Добавить в цитаты Настройки чтения

Страница 7 из 12

— Проходи, Кайла. Садись. Расскажи, как прошел день, а я расскажу, как прошел мой.

Мы обмениваемся нехитрыми историями. Порезанный палец, визит медсестры Пенни, прогулка — ему интересно все, что со мной случилось. Как и мне, что случилось с ним.

Папа работает с компьютерами и много путешествует: устанавливает и тестирует новые системы. В поездку он собирается и сейчас, а вернется только к субботе. Через целых пять дней.

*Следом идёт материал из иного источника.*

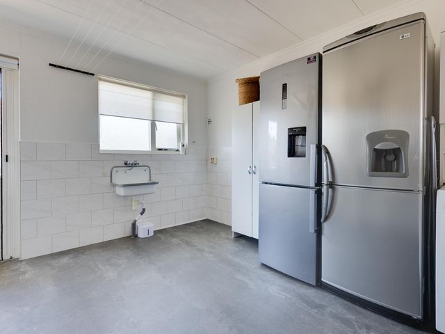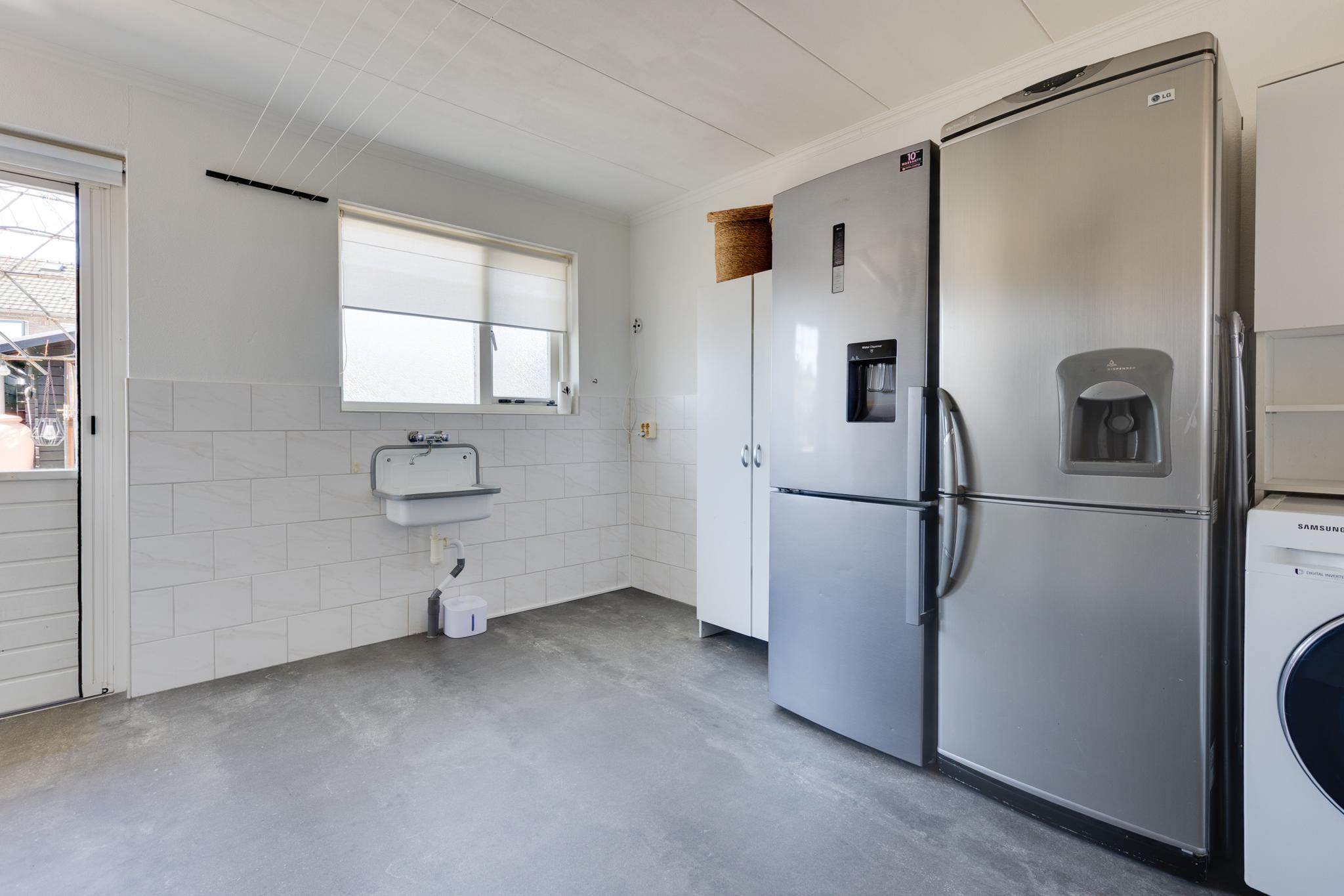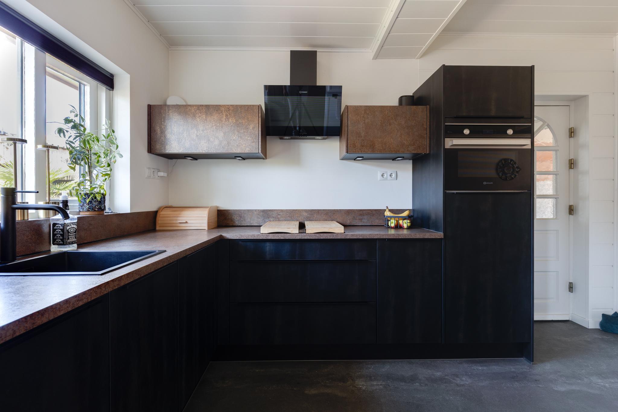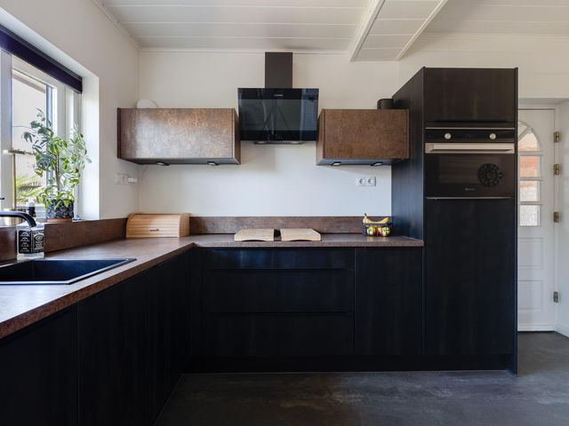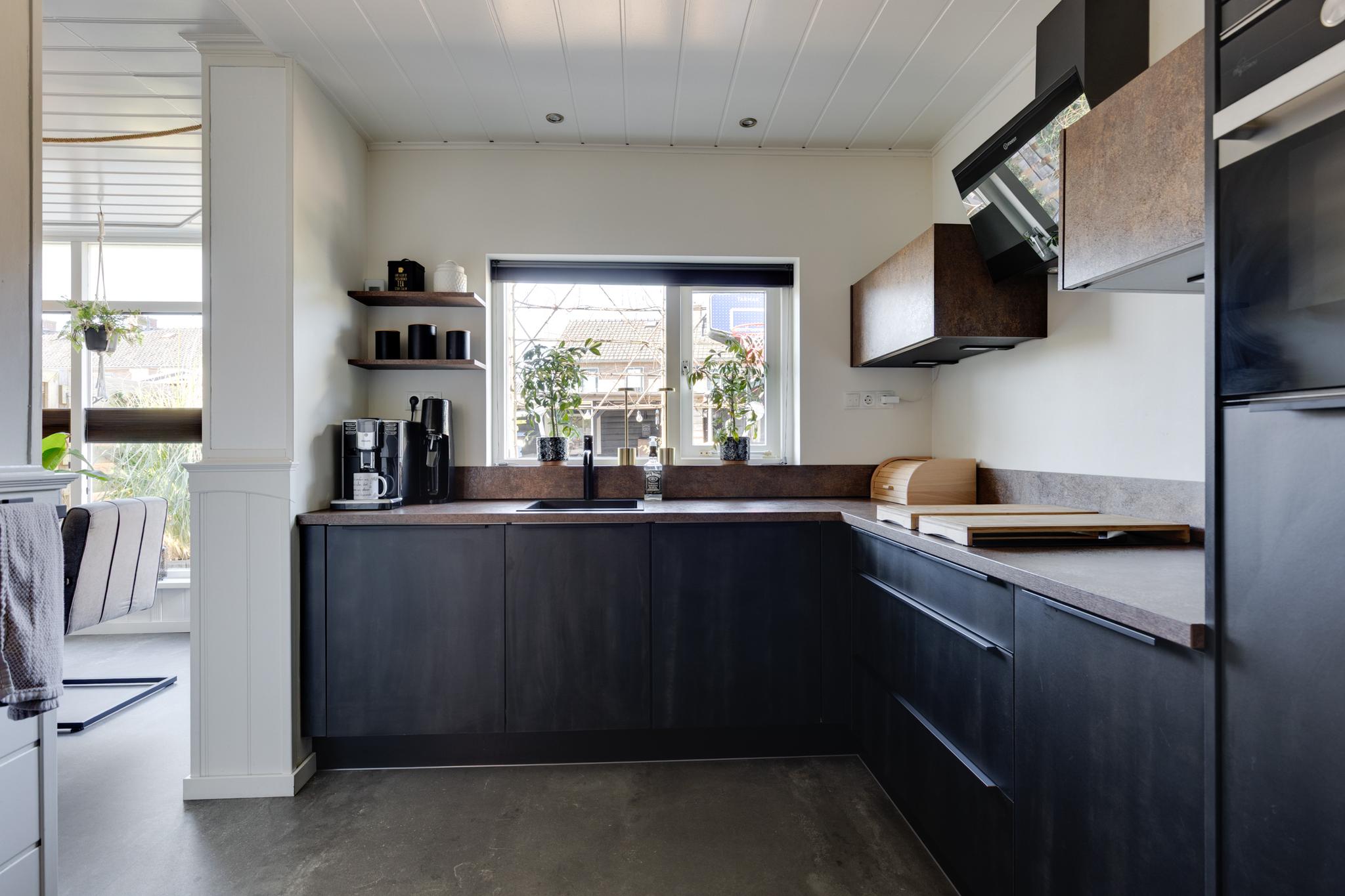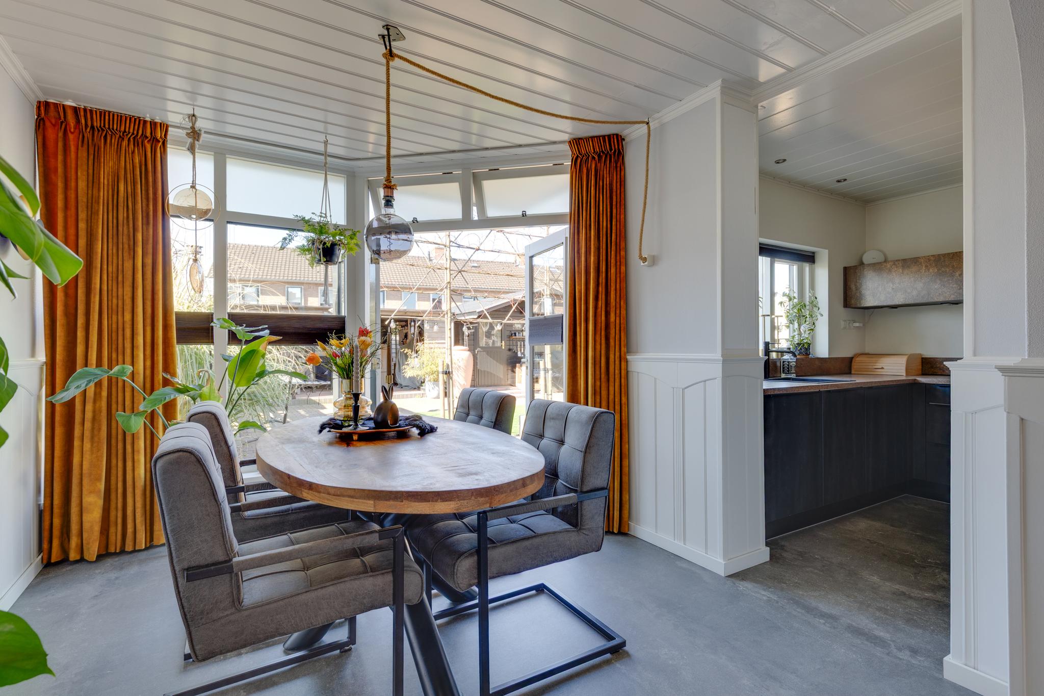 Aan de achterzijde is de woning flink uitgebouwd met een grote bijkeuken, keuken en eetkamer.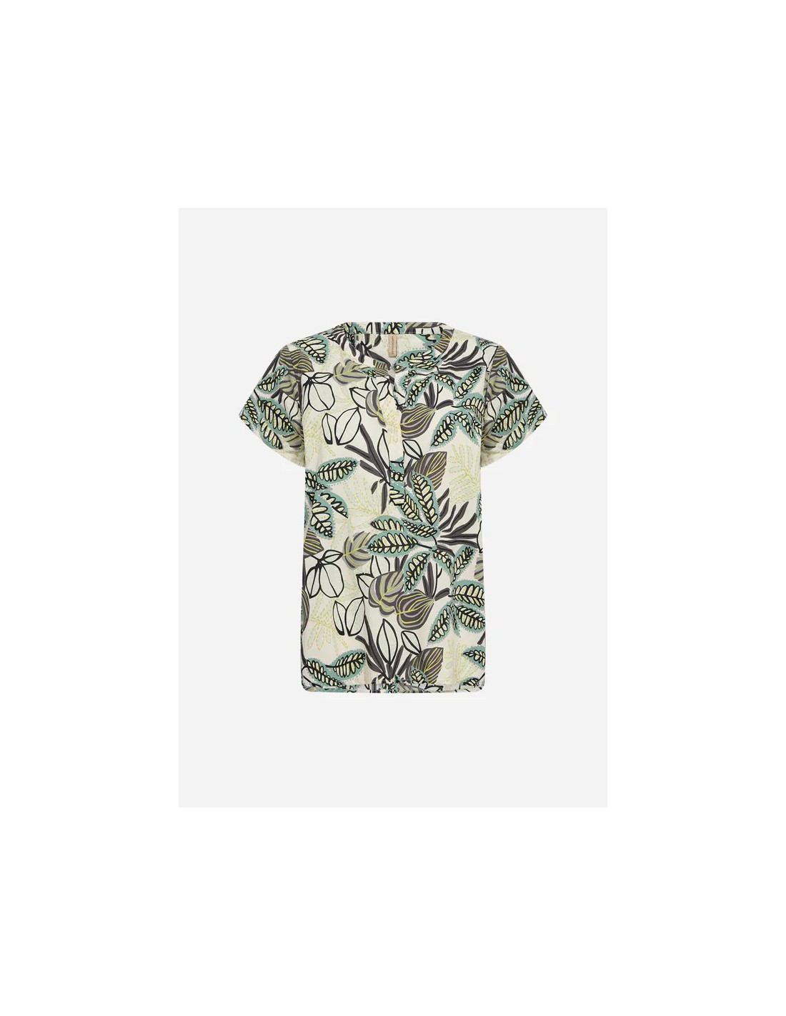 Mönstrad topp med kort ärm Något rymlig i storlek

Потом папа рассказывает мне о своих родственниках. У него две сестры, и одна из них собирается навестить нас в субботу с сыном, так что я смогу с ними познакомиться. Вторая живет далеко, в Шотландии, и мы вроде бы планируем съездить к ней следующим летом. У мамы родственников нет: она была единственным ребенком, и ее родители погибли в автомобильной аварии. Маме тогда едва исполнилось пятнадцать.

Позже вечером, перед тем как ложиться спать, я достаю из ящика спрятанный под папкой рисунок.

— Эми, это... — я поднимаю листок, — доктор Лизандер. А почему ты удивилась, что я ее знаю?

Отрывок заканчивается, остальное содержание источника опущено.